REQUIRED WORK | What you should give back is a precise copy of the lines below from the one containing "针对部分思政课教师对意识形态" through the one containing "USB 3.0增加了4個接到", with no pictures.

RECORDS |
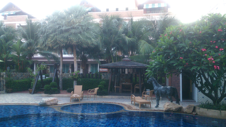 Отель мы выбрали Harmony Inn на улице Тепрая, оттуда можно ходить на пляж Паттайя Парк или ездить на Вонгамат и Джомтьен. Но если ехать в Паттайю на весь отпуск, то я бы выбрала район Наклыа, в пешей доступности от пляжа Вонгамат. С отелем нам снова очень повезло, вроде бы рядом с шумной и проезжей улицей, а возле бассейна тишь и благодать. Даже в последний день Сонграна, когда вокруг был жуткий гомон и кураж, у нас, за углом, было сухо и тихо))))
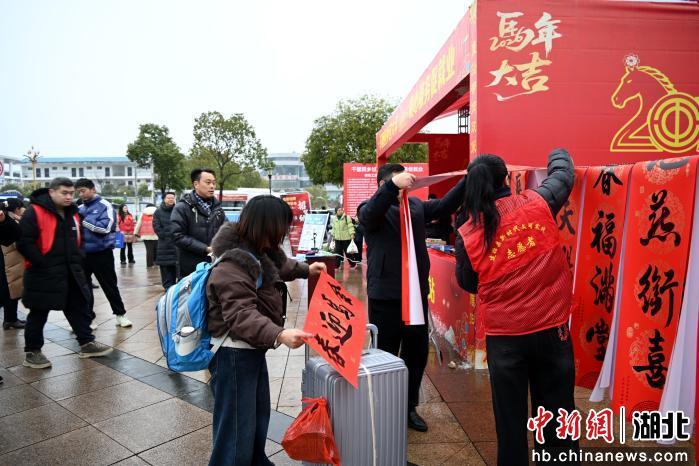 上午10点,首趟从杭州驶来的列车抵达建始站。出站口处,志愿者们早已守候,将一杯杯姜茶、一份份点心递到旅客手中,同时发放春联与就业信息手册。不少返乡人脚步匆匆,脸上洋溢着回家的喜悦。
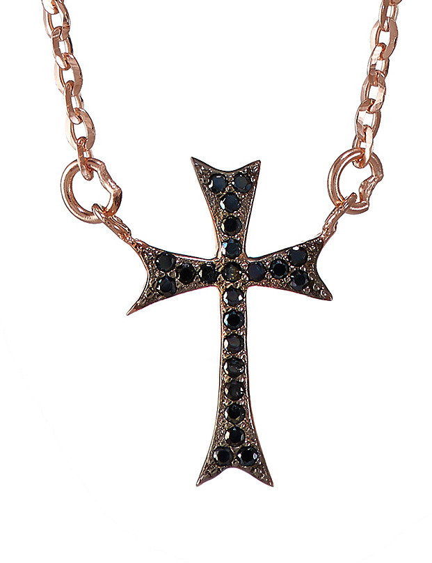Collana con croce con strass blu in argento 925 con bagno in oro rosa
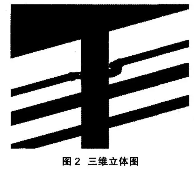 (3)進(jìn)行位置檢查,包括新繪制構(gòu)件與原有構(gòu)件、新構(gòu)件之間的碰撞檢測(cè),在平面和三維立體條件下轉(zhuǎn)換查看(見(jiàn)圖2)。
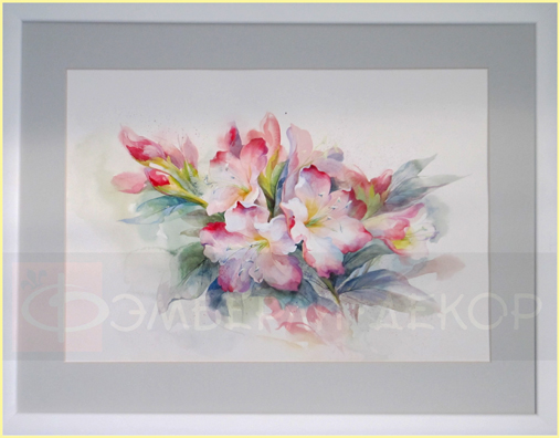 Рододендроны написаны декоративно в нежной цветовой гамме. Изображение выполнено акварелью с акрилом. Работа оформлена в паспарту и под стекло.
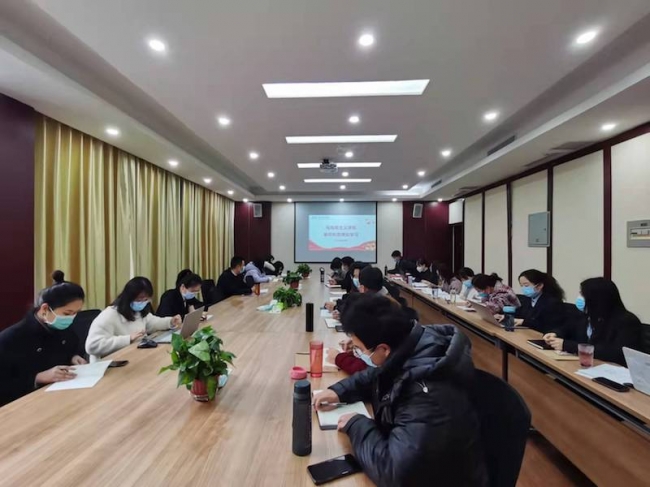 针对部分思政课教师对意识形态工作的极端重要性和形势复杂性的认识、把握还比较浅表化,对社会上暗流涌动的一些错误思潮和观点还缺乏应有的政治鉴别力和敏锐性,马克思主义学院坚持每周二下午进行不少于1小时的理论学习。内容包括习近平总书记系列重要讲话、党的创新理论、思政专题片、政治理论知识问答等,采取个人自学、集体学习、小组研讨、微信公众号推送等多种方式进行。
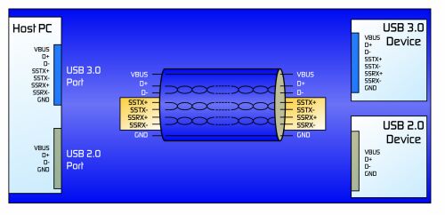 USB 3.0增加了4個接到連接器的新引腳,以支持新的SuperSpeed接口:USB3_TX(差分對)和USB3_RX(差分對)。
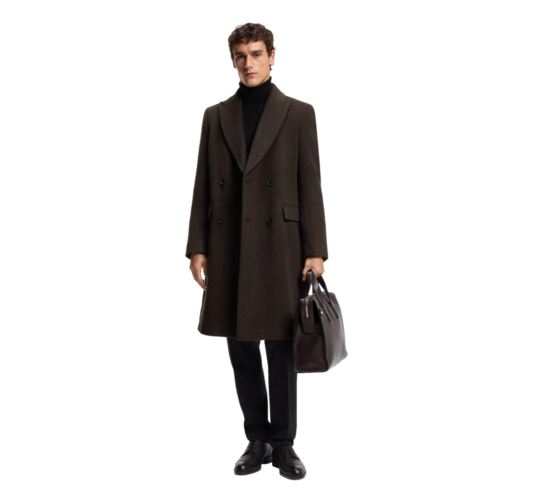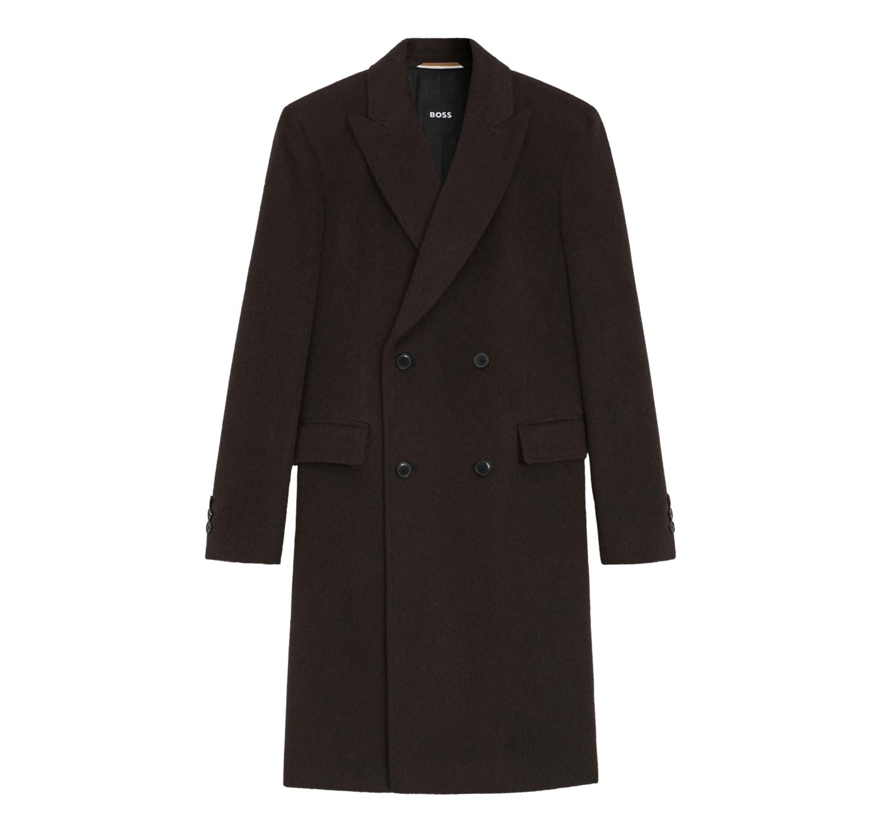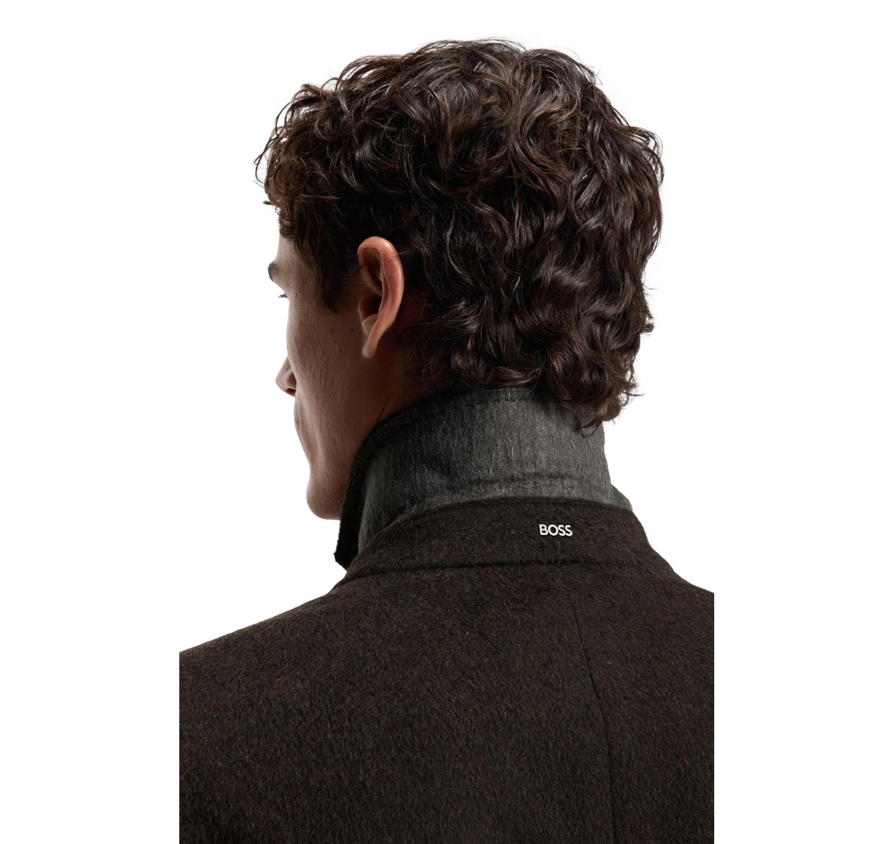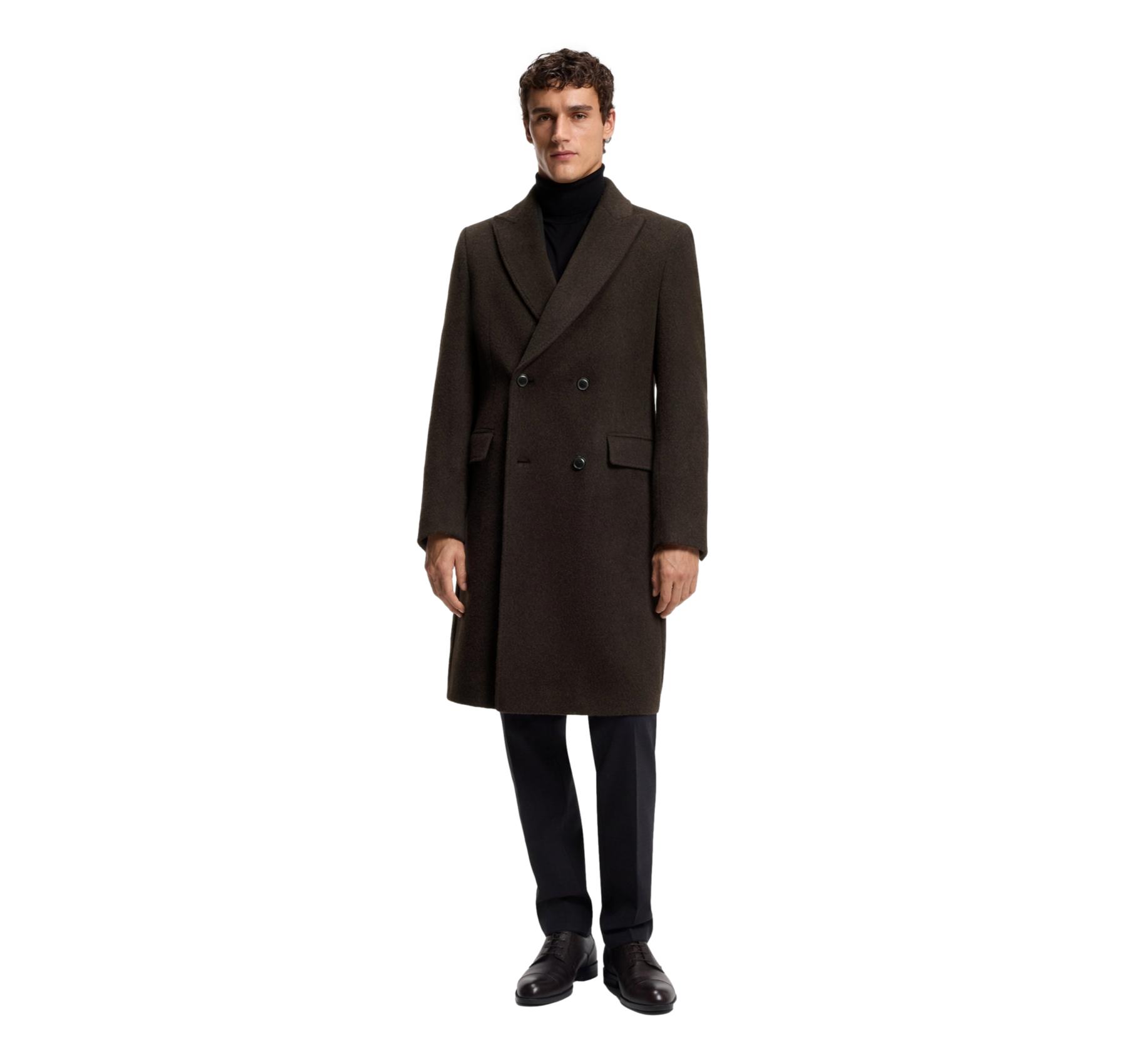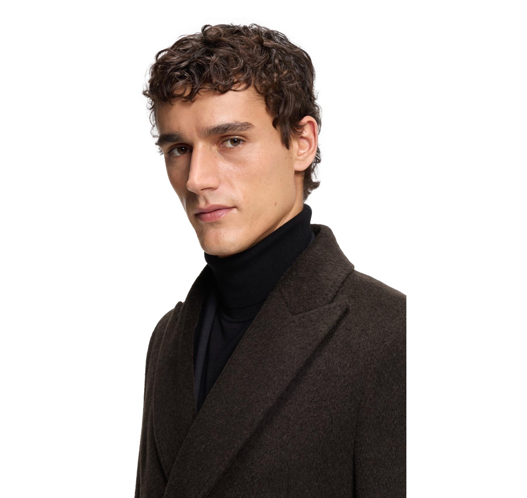 Con revers a lancia classici e chiusura doppiopetto, questo cappotto BOSS Uomo dal taglio aderente è un must formale. Misto lana vergine con un'elevata percentuale di alpaca.

SOLUTION FOR THIS TASK |
 针对部分思政课教师对意识形态工作的极端重要性和形势复杂性的认识、把握还比较浅表化,对社会上暗流涌动的一些错误思潮和观点还缺乏应有的政治鉴别力和敏锐性,马克思主义学院坚持每周二下午进行不少于1小时的理论学习。内容包括习近平总书记系列重要讲话、党的创新理论、思政专题片、政治理论知识问答等,采取个人自学、集体学习、小组研讨、微信公众号推送等多种方式进行。
 USB 3.0增加了4個接到連接器的新引腳,以支持新的SuperSpeed接口:USB3_TX(差分對)和USB3_RX(差分對)。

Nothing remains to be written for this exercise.